━━━━━ LISTED RECORDS
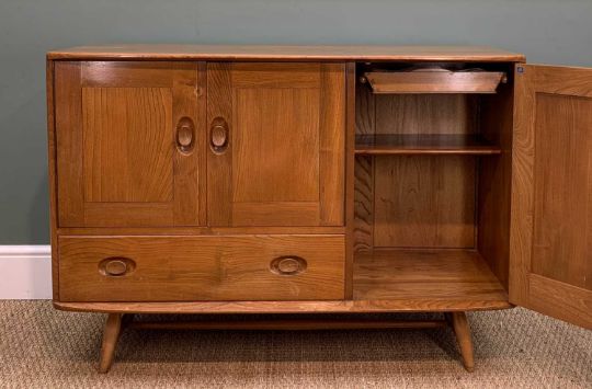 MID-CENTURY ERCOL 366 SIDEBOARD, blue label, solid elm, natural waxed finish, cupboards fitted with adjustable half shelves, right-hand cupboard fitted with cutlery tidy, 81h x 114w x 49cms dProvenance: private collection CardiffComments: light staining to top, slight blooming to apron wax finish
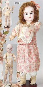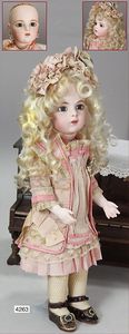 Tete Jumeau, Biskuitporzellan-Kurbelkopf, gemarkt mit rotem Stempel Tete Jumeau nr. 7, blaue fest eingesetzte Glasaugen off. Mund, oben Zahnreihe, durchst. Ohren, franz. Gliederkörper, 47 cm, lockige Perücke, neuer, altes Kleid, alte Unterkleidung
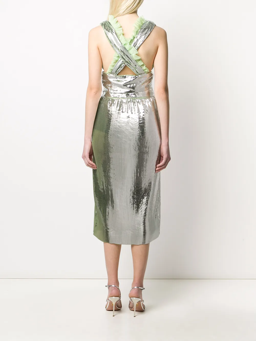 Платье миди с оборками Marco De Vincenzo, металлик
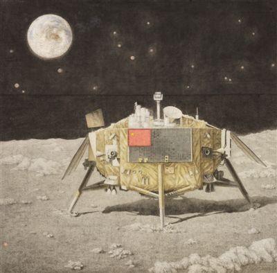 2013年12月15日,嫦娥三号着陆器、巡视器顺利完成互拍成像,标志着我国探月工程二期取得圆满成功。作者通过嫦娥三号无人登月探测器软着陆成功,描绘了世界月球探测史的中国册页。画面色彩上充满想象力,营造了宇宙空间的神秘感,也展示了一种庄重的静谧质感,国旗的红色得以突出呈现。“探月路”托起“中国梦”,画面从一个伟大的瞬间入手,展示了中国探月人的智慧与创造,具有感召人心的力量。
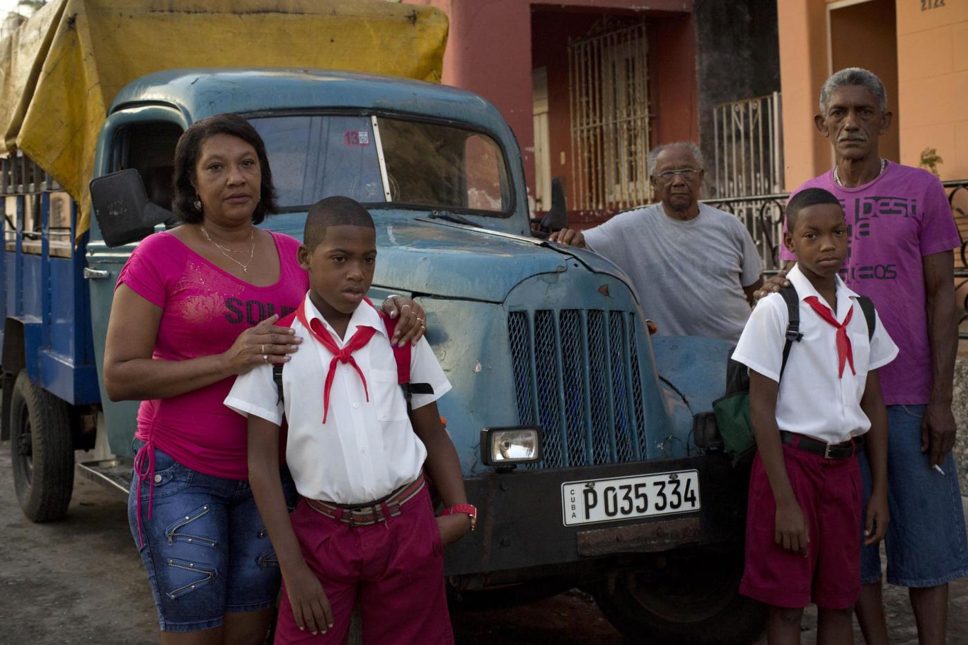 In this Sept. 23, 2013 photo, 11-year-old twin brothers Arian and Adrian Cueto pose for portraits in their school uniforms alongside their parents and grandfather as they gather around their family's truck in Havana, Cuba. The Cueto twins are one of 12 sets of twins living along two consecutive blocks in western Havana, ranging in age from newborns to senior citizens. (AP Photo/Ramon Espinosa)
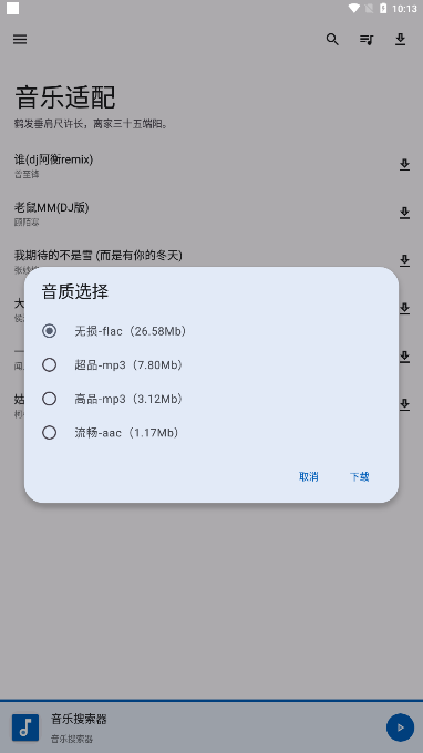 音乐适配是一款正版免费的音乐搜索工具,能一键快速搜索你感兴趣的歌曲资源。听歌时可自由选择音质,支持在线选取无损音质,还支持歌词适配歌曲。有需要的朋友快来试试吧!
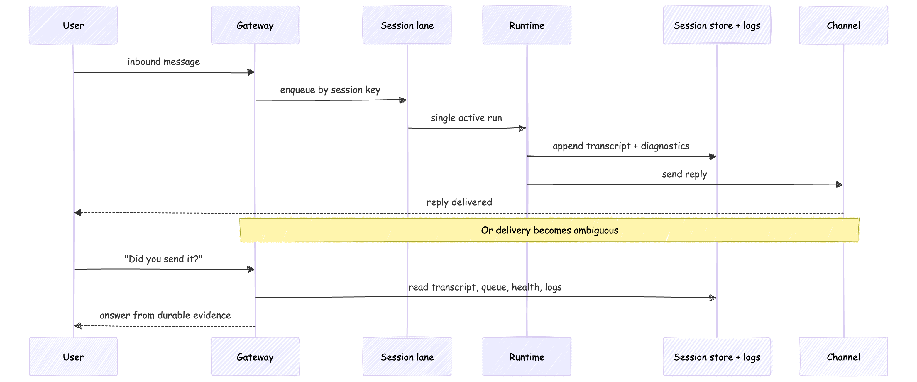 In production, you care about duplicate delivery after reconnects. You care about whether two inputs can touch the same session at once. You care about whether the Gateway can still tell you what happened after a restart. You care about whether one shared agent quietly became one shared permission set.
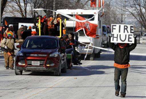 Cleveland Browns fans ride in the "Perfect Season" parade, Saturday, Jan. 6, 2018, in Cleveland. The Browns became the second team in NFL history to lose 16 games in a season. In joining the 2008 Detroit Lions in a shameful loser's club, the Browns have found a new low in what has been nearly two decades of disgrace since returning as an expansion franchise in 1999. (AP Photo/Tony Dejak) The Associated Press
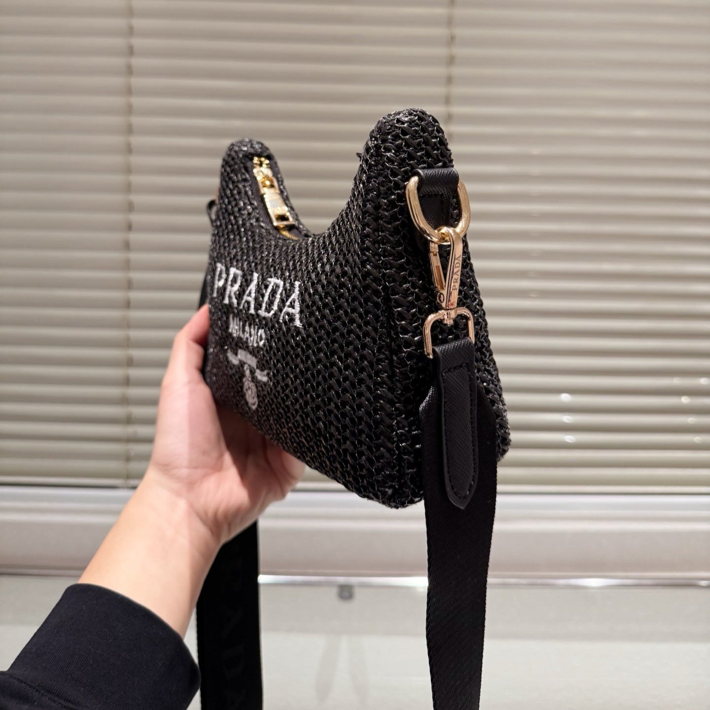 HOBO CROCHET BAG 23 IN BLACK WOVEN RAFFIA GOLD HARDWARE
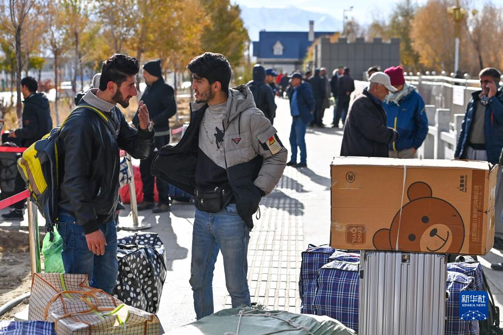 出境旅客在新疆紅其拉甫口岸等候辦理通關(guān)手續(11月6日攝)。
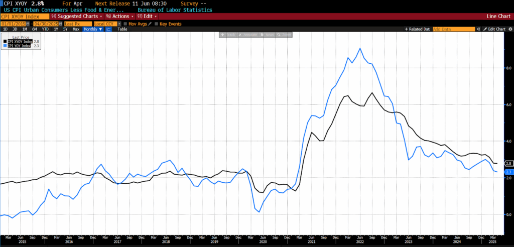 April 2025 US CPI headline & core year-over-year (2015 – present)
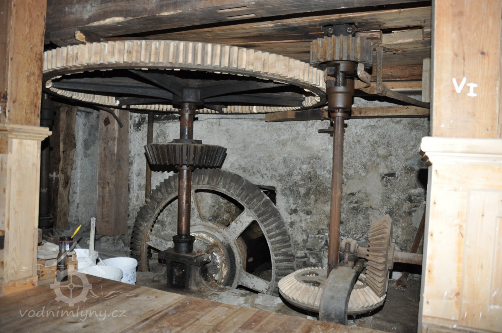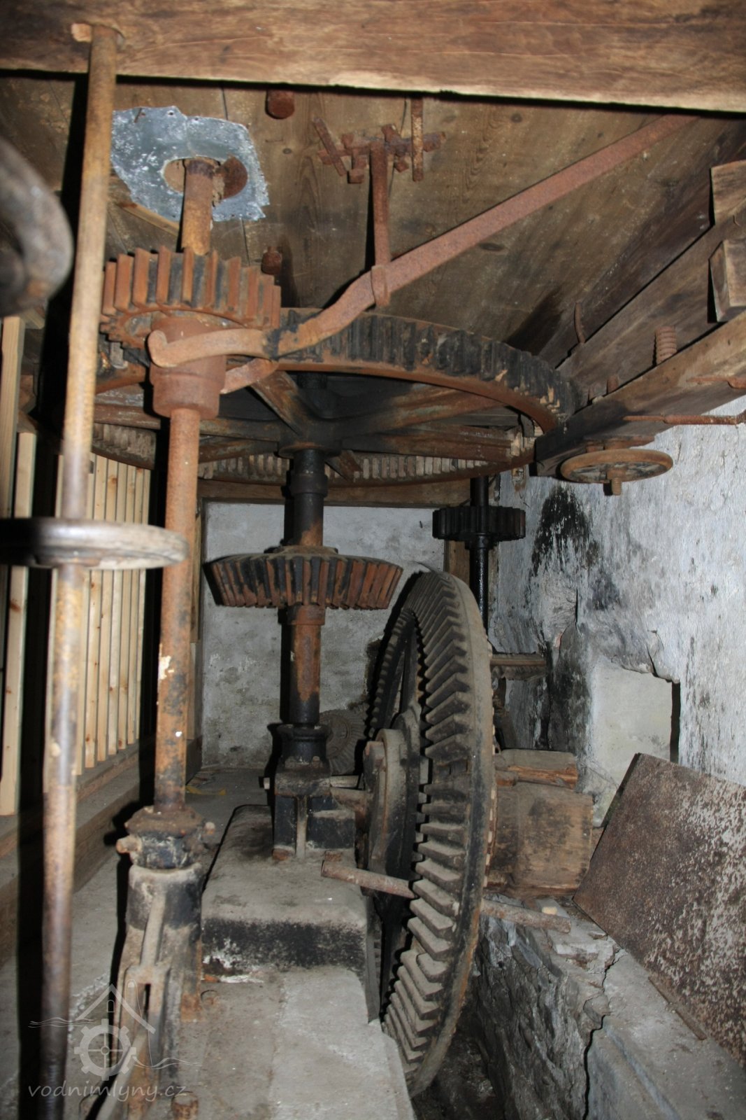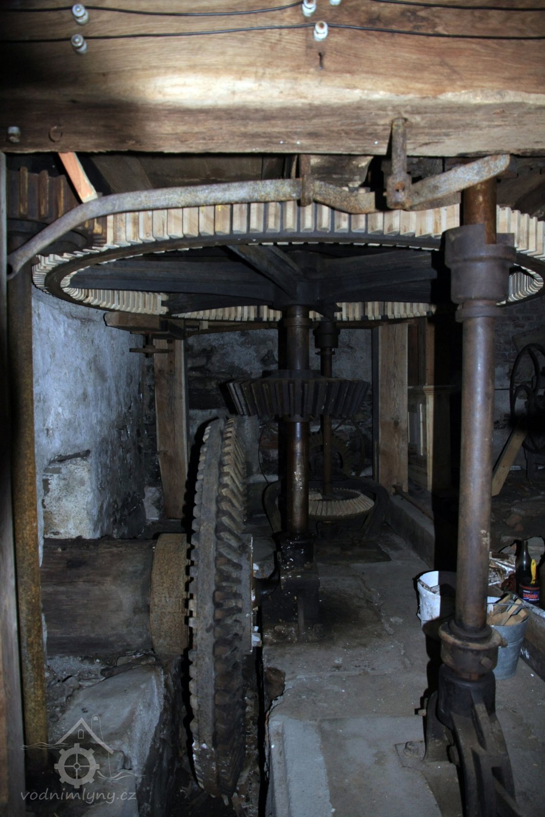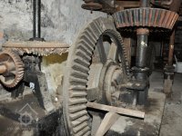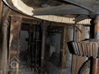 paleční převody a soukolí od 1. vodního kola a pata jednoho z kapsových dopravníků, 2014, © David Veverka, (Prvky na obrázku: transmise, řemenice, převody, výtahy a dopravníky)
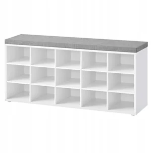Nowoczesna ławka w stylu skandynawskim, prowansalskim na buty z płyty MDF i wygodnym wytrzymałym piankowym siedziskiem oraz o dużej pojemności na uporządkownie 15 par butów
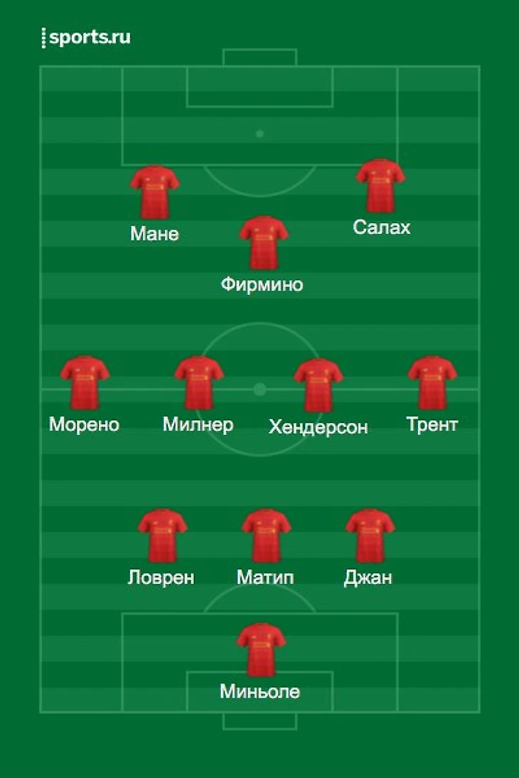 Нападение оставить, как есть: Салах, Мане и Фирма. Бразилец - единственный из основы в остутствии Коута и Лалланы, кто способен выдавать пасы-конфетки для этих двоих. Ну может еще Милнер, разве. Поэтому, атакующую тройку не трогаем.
━━━━━━━━━━
**WHAT YOU NEED TO DO:** Transcribe the material above word for word; images do not belong in the copy.

**PROBLEM SOLUTION:**
 MID-CENTURY ERCOL 366 SIDEBOARD, blue label, solid elm, natural waxed finish, cupboards fitted with adjustable half shelves, right-hand cupboard fitted with cutlery tidy, 81h x 114w x 49cms dProvenance: private collection CardiffComments: light staining to top, slight blooming to apron wax finish
 Tete Jumeau, Biskuitporzellan-Kurbelkopf, gemarkt mit rotem Stempel Tete Jumeau nr. 7, blaue fest eingesetzte Glasaugen off. Mund, oben Zahnreihe, durchst. Ohren, franz. Gliederkörper, 47 cm, lockige Perücke, neuer, altes Kleid, alte Unterkleidung
 Платье миди с оборками Marco De Vincenzo, металлик
 2013年12月15日,嫦娥三号着陆器、巡视器顺利完成互拍成像,标志着我国探月工程二期取得圆满成功。作者通过嫦娥三号无人登月探测器软着陆成功,描绘了世界月球探测史的中国册页。画面色彩上充满想象力,营造了宇宙空间的神秘感,也展示了一种庄重的静谧质感,国旗的红色得以突出呈现。“探月路”托起“中国梦”,画面从一个伟大的瞬间入手,展示了中国探月人的智慧与创造,具有感召人心的力量。
 In this Sept. 23, 2013 photo, 11-year-old twin brothers Arian and Adrian Cueto pose for portraits in their school uniforms alongside their parents and grandfather as they gather around their family's truck in Havana, Cuba. The Cueto twins are one of 12 sets of twins living along two consecutive blocks in western Havana, ranging in age from newborns to senior citizens. (AP Photo/Ramon Espinosa)
 音乐适配是一款正版免费的音乐搜索工具,能一键快速搜索你感兴趣的歌曲资源。听歌时可自由选择音质,支持在线选取无损音质,还支持歌词适配歌曲。有需要的朋友快来试试吧!
 In production, you care about duplicate delivery after reconnects. You care about whether two inputs can touch the same session at once. You care about whether the Gateway can still tell you what happened after a restart. You care about whether one shared agent quietly became one shared permission set.
 Cleveland Browns fans ride in the "Perfect Season" parade, Saturday, Jan. 6, 2018, in Cleveland. The Browns became the second team in NFL history to lose 16 games in a season. In joining the 2008 Detroit Lions in a shameful loser's club, the Browns have found a new low in what has been nearly two decades of disgrace since returning as an expansion franchise in 1999. (AP Photo/Tony Dejak) The Associated Press
 HOBO CROCHET BAG 23 IN BLACK WOVEN RAFFIA GOLD HARDWARE
 出境旅客在新疆紅其拉甫口岸等候辦理通關(guān)手續(11月6日攝)。
 April 2025 US CPI headline & core year-over-year (2015 – present)
 paleční převody a soukolí od 1. vodního kola a pata jednoho z kapsových dopravníků, 2014, © David Veverka, (Prvky na obrázku: transmise, řemenice, převody, výtahy a dopravníky)
Nowoczesna ławka w stylu skandynawskim, prowansalskim na buty z płyty MDF i wygodnym wytrzymałym piankowym siedziskiem oraz o dużej pojemności na uporządkownie 15 par butów
 Нападение оставить, как есть: Салах, Мане и Фирма. Бразилец - единственный из основы в остутствии Коута и Лалланы, кто способен выдавать пасы-конфетки для этих двоих. Ну может еще Милнер, разве. Поэтому, атакующую тройку не трогаем.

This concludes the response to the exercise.